Sartori Stefano, Anesi Laura, Polli Roberta, Toldo Irene, Casarin Alberto, Drigo Paola, Murgia Alessandra
Pediatric Neurology Unit, University of Padua, Padova, Italy.
J Child Neurol. 2008 Aug;23(8):912-5. doi: 10.1177/0883073808316367. Epub 2008 May 16.
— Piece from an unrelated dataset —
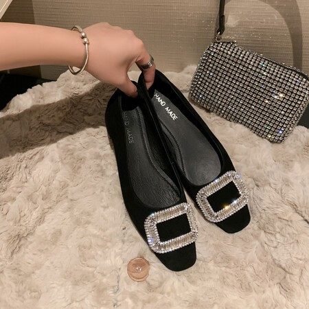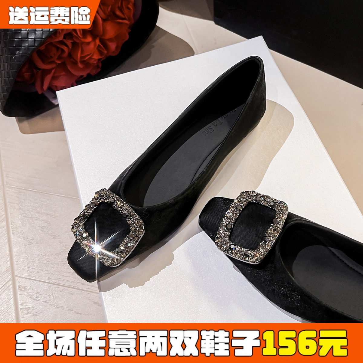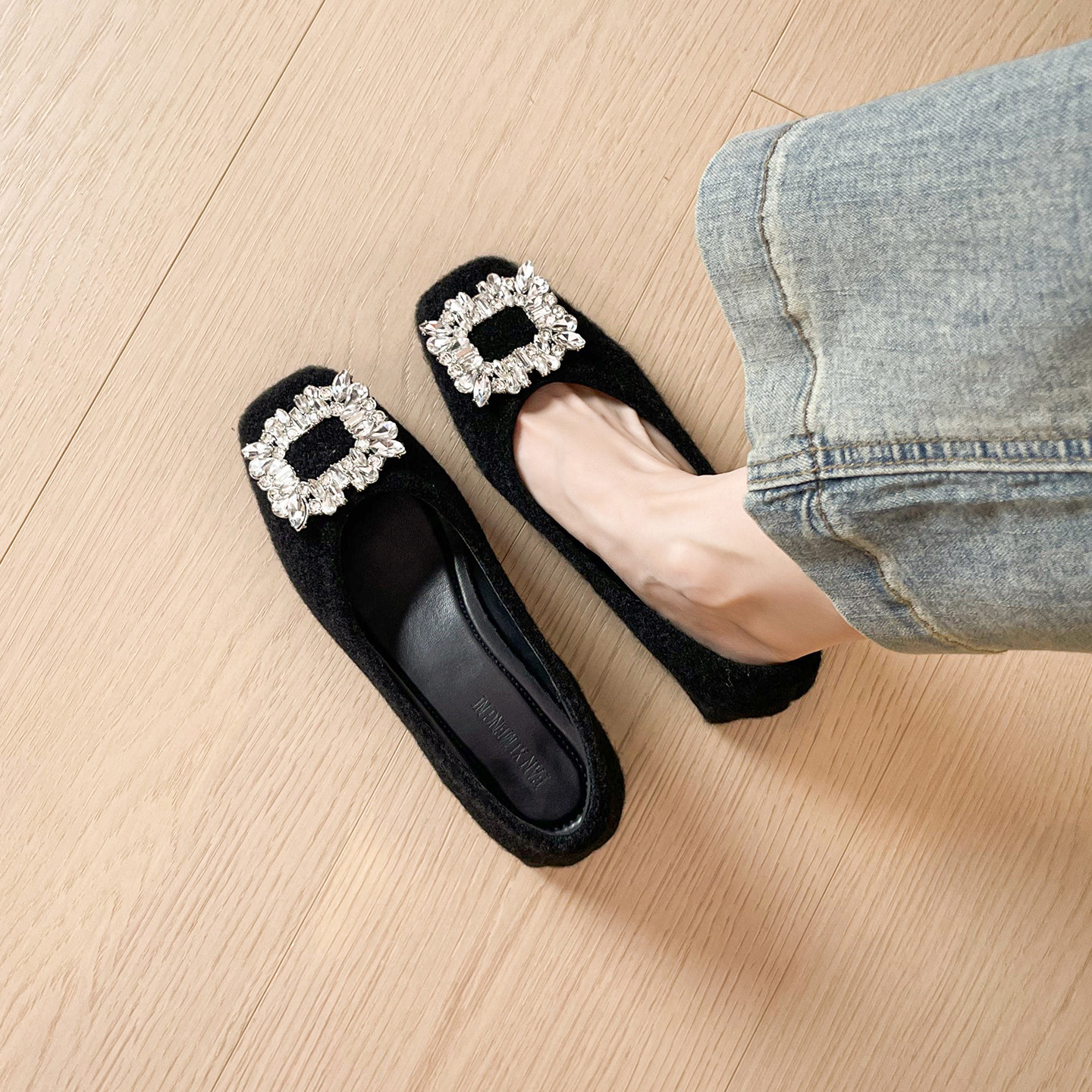 米霏~方头浅口单鞋女冬平底2025新款方扣水钻配裙子瓢鞋大码女鞋

Angelman syndrome is a neurodevelopmental disorder characterized by mental retardation, absence of speech, seizures, abnormal electroencephalography (EEG), and happy disposition. The syndrome results from lack of function of the maternal copy of the UBE3A gene on the imprinted Prader-Willi/Angelman syndrome critical region; it is caused by large deletions, paternal uniparental disomy, imprinting center defects or UBE3A deletions, and point mutations. We found a novel splice-site mutation of the UBE3A gene in a child with clinical and EEG features of Angelman syndrome. This case further points out the fact that individuals with Angelman syndrome and mutations of the UBE3A gene have a phenotype that tends to be rather mild, however, undistinguishable, both from the clinical and the electrophysiological points of view, from the Angelman syndrome phenotype due to other known molecular mechanisms.
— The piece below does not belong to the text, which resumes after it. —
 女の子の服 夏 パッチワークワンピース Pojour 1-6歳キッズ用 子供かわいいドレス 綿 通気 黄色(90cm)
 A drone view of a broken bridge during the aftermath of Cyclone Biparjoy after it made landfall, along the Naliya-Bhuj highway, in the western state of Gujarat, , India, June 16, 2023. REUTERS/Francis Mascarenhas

天使综合征是一种神经发育障碍,其特征为智力迟钝、无语言能力、癫痫发作、脑电图(EEG)异常以及性格开朗。该综合征是由于印记的普拉德-威利/天使综合征关键区域上母源UBE3A基因功能缺失所致;其病因包括大片段缺失、父源单亲二体、印记中心缺陷或UBE3A基因缺失以及点突变。我们在一名具有天使综合征临床和脑电图特征的儿童中发现了一种新的UBE3A基因剪接位点突变。该病例进一步指出,患有天使综合征且有UBE3A基因突变的个体,其表型往往较为轻微,然而,从临床和电生理角度来看,与由其他已知分子机制导致的天使综合征表型并无差异。